If the *target* table has not been populated during the current session, the user must first load such a table from a file, before observing similarity between words. This operation is done using the load command in Lisp (or alternatively the load-target-table function which is a simple renaming of load) as such:
CL-USER 8 > (load "c:/testing.fsl")
; Loading fasl file c:\testing.fsl
#P"c:/testing.fsl"
If the *target* table has been saved with all the global variables, and needs to be normalised, this can also be done. The default normalisation function provided is the log odds-ratio. The function finalize-target-table takes care of this.

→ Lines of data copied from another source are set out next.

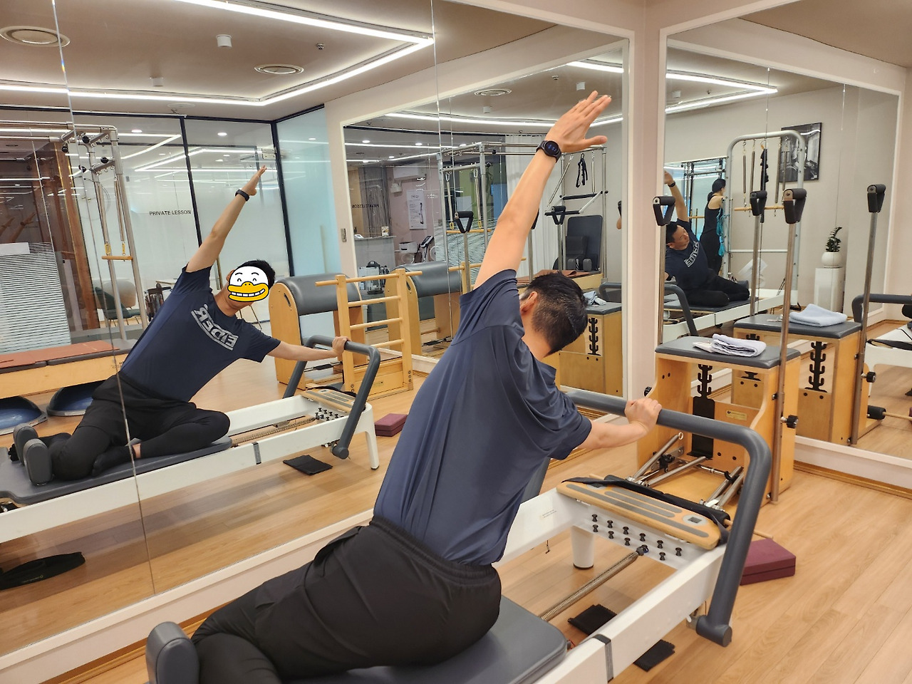 필라테스를 통해 내 몸의 사용법을 배울 수 있다. 필라테스 운동법의 창시자인 조셉 필레테스(남자)도 애당초 운동의 이름을 '컨트롤로지'로 불렀을 정도로 내 몸의 컨트롤을 중요시한다. 사진은 일산 라페스타에 Miom pilates에서 운동 중인 내 모습.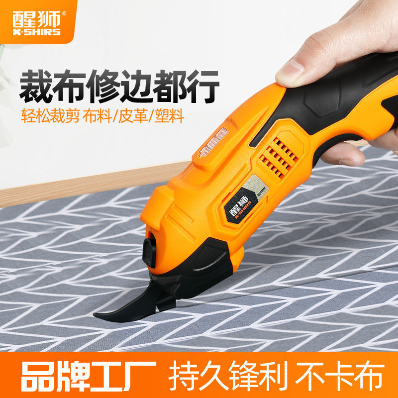 目を覚ますライオンの電気はさみは布を裁断します。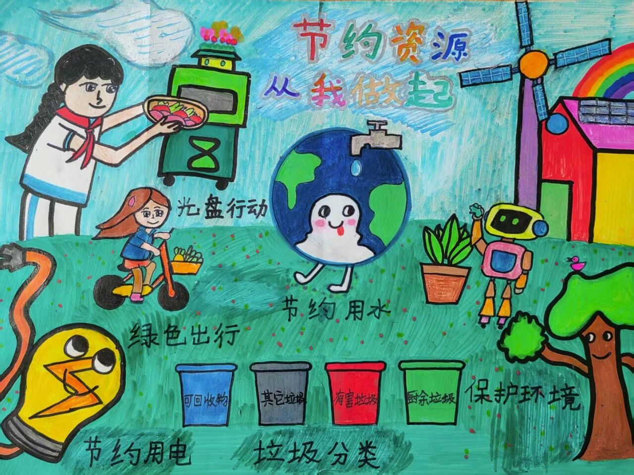 公司职工子女利用暑假时光积极创作,以新时代青少年的视角,充分展现对珍惜粮食、能源节约和践行绿色健康生活方式的认识,积极为环保事业贡献力量的愿景。
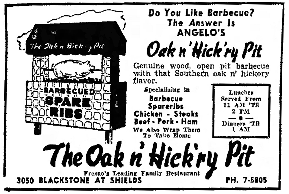 I remember it well. My dad loved going there. He liked the rustic atmosphere, and the bibs they gave us, indicating it was ok to make a mess. In the early 50's, I was living at the Fresno State girls' dorm, located at Maroa and Home. One weekend some of the girls were trying to decide where to eat out. Someone suggested the Oak N Hickory Pit. Someone else whined, "It's so far out." It's weird to think that Blackstone and Shields seemed almost out in the country then, and now seems almost downtown.

Once the *target* table has been normalised, similarity values for pairs of words can be calculated using the similarity function as shown in the following examples:
CL-USER 9 > (similarity "black" "white")
0.7966215831073316
CL-USER 10 > (similarity "black" "dog")
0.35816217445260423
CL-USER 11 > (similarity "good" "yellow")
NIL
CL-USER 12 > (similarity "man" "man")
1.0000000000000004
These examples are also a good illustration of what happens in special cases. When one of the inputs to the function is not in the *target* table, the function returns nil (as in interaction number 11). Finally, the precision of the calculations are shown by interaction 12. The similarity between a word and itself should be 1, therefore there is an error rate of about 0.0000000000000004 in that interaction. As a rule of thumb, it is useful to take into account only the first few digits when comparing similarity values. For example we can say that the similarity between \black" and \white" is about 0.800 and the similarity between \black" and \dog" is 0.358. In order to replicate the different experiments, other functions to query the *target* table in di®erent ways have been written. Most of these use the similarity function seen above, or optimise it for specific uses (such as not calculating the vector form of each word more than once...).